**What is being asked**
Write out word for word each line of the records, beginning at the first and stopping after the line with "Dimensions: length-4cm Weight-Only". Leave the pictures out.

**Record extracts**

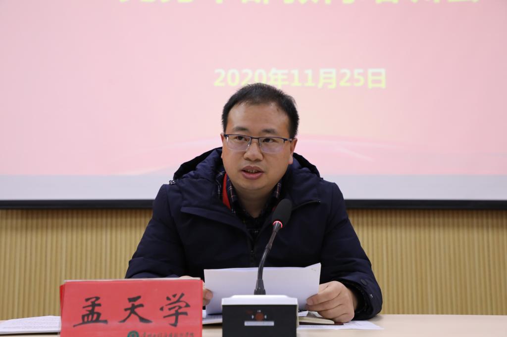 会上,孟天学通报2020年度党支部标准化规范化建设验收情况及就学校新一届党委委员、纪委委员候选人预备人选有关情况作说明。
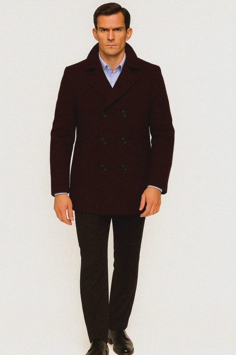 Men's Dark Brown Wool Fabric Big and Tall Men's Peacoat
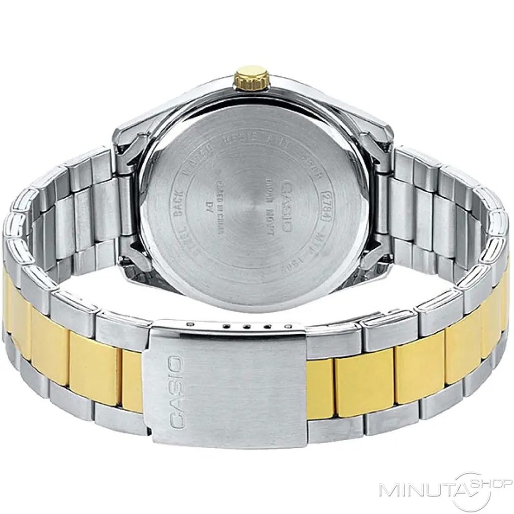 Stříbrný číselník hodinek Casio MTP-1302PSG-7AV je podkladem tištěné minutové stupnici a zlatým leštěným indexům na pozicích hodin. Číselník zaujme efektem slunečního brusu. Chrání jej minerální sklíčko. Hůlkové ručky hodinek jsou opatřeny luminiscencí a usnadňují tak čitelnost při přechodu do tmy. Chromované mosazné pouzdro hodinek je doplněno ocelovým náramkem v provedení bicolor. Hodinky jsou vybaveny ukazatelem data na pozici 3. hodiny. Díky průměru pouzdra 38,5 mm mohou být hodinky zajímavou volbou také pro dámy. Vodotěsnost modelu je 50 m.
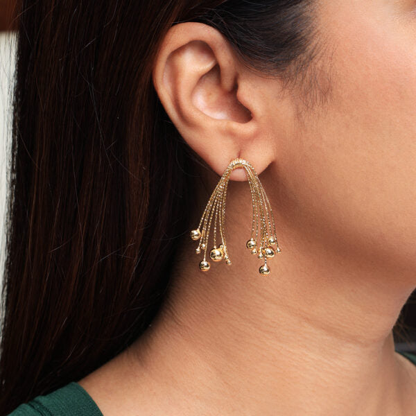 Dimensions: length-4cm Weight-Only 3gm per Earring Unveil a touch of modern artistry with the Eliana Earrings, a mesmerizing cascade of delicate gold strands adorned with gleaming spheres. Designed to capture movement and fluidity, these statement earrings bring effortless grace to any look. Their dynamic silhouette adds a playful yet sophisticated charm, making them the perfect accessory for both refined evening wear and contemporary daytime ensembles. Elevate your jewellery collection with these striking, lightweight earrings that redefine elegance with a touch of whimsy.
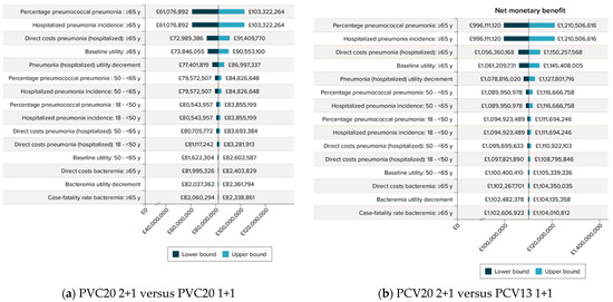 One-way sensitivity analyses comparing PCV20 2+1 versus PCV20 1+1 and PCV13 1+1 are displayed in Figure 3. The top three most influential parameters in both comparisons were the percentage of pneumonia cases that are pneumococcal (individuals aged ≥65 years), the hospitalized pneumonia incidence (individuals aged ≥65 years), and the direct costs for hospitalized pneumonia (individuals aged ≥65 years). The NMB of PCV20 2+1 versus PCV20 1+1 was GBP 82,135,034, and the NMB did not fall below roughly GBP 61,000,000. For the comparison of PCV20 2+1 versus PCV13 1+1, the NMB was substantially more (about GBP 1 billion), and the NMB did not vary markedly from this estimate.

**Output for this exercise**
 会上,孟天学通报2020年度党支部标准化规范化建设验收情况及就学校新一届党委委员、纪委委员候选人预备人选有关情况作说明。
 Men's Dark Brown Wool Fabric Big and Tall Men's Peacoat
 Stříbrný číselník hodinek Casio MTP-1302PSG-7AV je podkladem tištěné minutové stupnici a zlatým leštěným indexům na pozicích hodin. Číselník zaujme efektem slunečního brusu. Chrání jej minerální sklíčko. Hůlkové ručky hodinek jsou opatřeny luminiscencí a usnadňují tak čitelnost při přechodu do tmy. Chromované mosazné pouzdro hodinek je doplněno ocelovým náramkem v provedení bicolor. Hodinky jsou vybaveny ukazatelem data na pozici 3. hodiny. Díky průměru pouzdra 38,5 mm mohou být hodinky zajímavou volbou také pro dámy. Vodotěsnost modelu je 50 m.
 Dimensions: length-4cm Weight-Only 3gm per Earring Unveil a touch of modern artistry with the Eliana Earrings, a mesmerizing cascade of delicate gold strands adorned with gleaming spheres. Designed to capture movement and fluidity, these statement earrings bring effortless grace to any look. Their dynamic silhouette adds a playful yet sophisticated charm, making them the perfect accessory for both refined evening wear and contemporary daytime ensembles. Elevate your jewellery collection with these striking, lightweight earrings that redefine elegance with a touch of whimsy.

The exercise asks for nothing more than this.